GPU / backend setup notes

This integration kit does not patch upstream QMD. Instead, it makes backend selection more predictable for OpenClaw deployments.

Recommended policy

If you know the correct backend, set QMD_LLAMA_GPU explicitly.
Otherwise use the provided wrapper script, which selects:
- cuda when NVIDIA userland indicators and CUDA toolkit availability are present
- vulkan when vulkaninfo and glslc are present
- false (CPU mode) otherwise

On WSL systems with NVIDIA passthrough, it is common to have:

nvidia-smi available
/dev/dxg present
but missing Vulkan build dependencies such as:
- libvulkan-dev
- vulkan-tools
- glslc
- glslang-tools

In that situation, automatic backend probing may repeatedly try a broken Vulkan path and then fall back to CPU.

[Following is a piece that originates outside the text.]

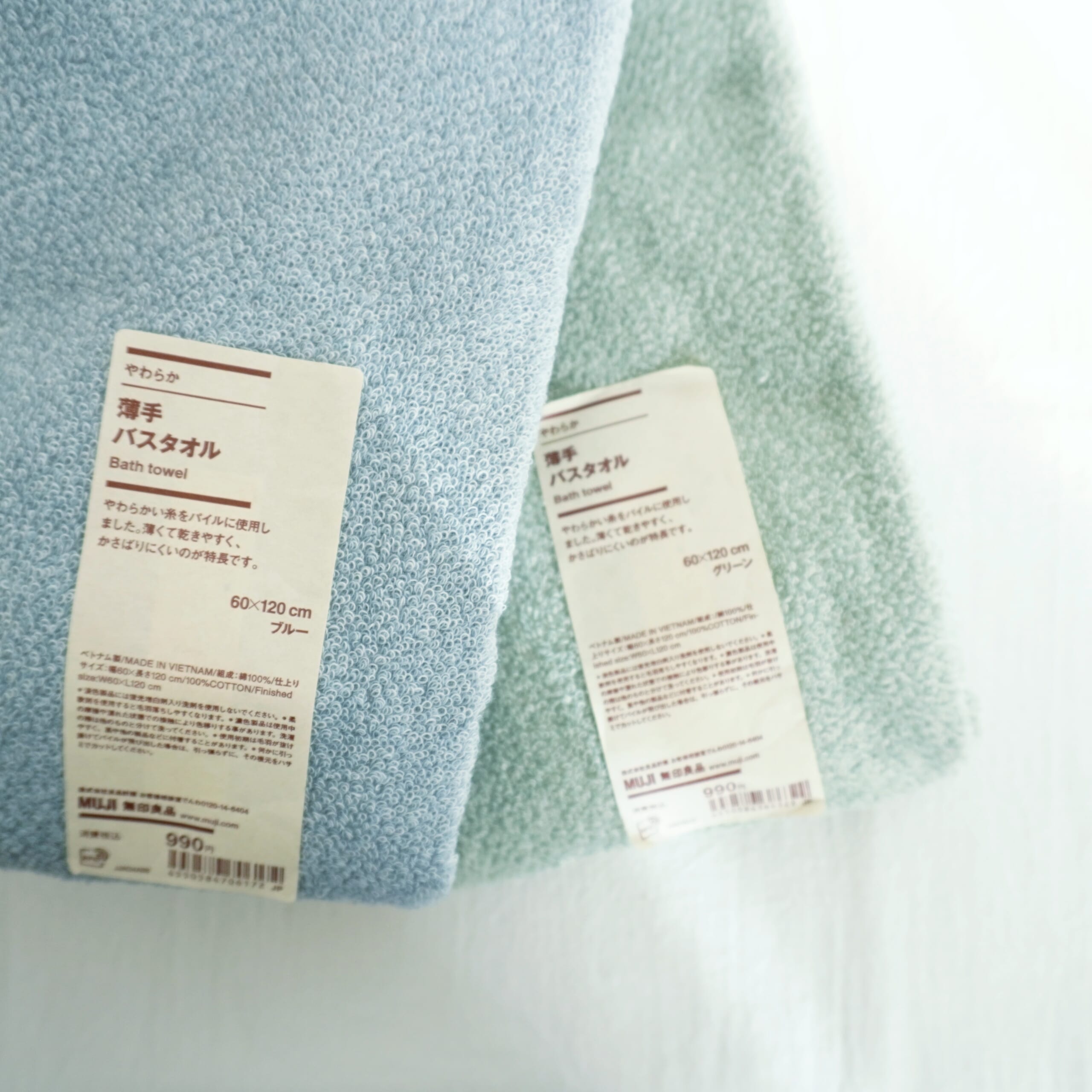 息子2人用に無印良品のバスタオルを購入しました。バスタオルで喧嘩しないように…色を変えてブルーとグリーンを。

A stable CPU path is better than repeatedly failing GPU auto-detection. If your system is not ready for CUDA/Vulkan, force:

export QMD_LLAMA_GPU=false

sudo apt-get update
sudo apt-get install -y libvulkan-dev vulkan-tools glslc glslang-tools

The wrapper only checks for minimal userland indicators. Real CUDA support may still require:

compatible NVIDIA Windows driver with WSL GPU support
libcuda.so visibility inside WSL
CUDA Toolkit / nvcc availability when node-llama-cpp needs to build a local CUDA backend

This integration flow was successfully verified on a WSL host with an NVIDIA GeForce RTX 3050 Ti Laptop GPU after installing CUDA Toolkit:

nvcc available
CUDA libraries visible (libcudart, libcublas, libcuda)
QMD_LLAMA_GPU=cuda qmd status reported:
- GPU: cuda (offloading: yes)
- NVIDIA device name present
- VRAM visibility working
QMD MCP wrapper restarted successfully on the CUDA path
GPU-mode embeddings completed successfully with:
- QMD_LLAMA_GPU=cuda qmd embed --max-docs-per-batch 12 --max-batch-mb 8
- Embedded 291 chunks from 125 documents in 1m 0s

QMD_LLAMA_GPU=cuda qmd status
QMD_LLAMA_GPU=vulkan qmd status
QMD_LLAMA_GPU=false qmd status

Use whichever mode is both fast and repeatably stable on your host.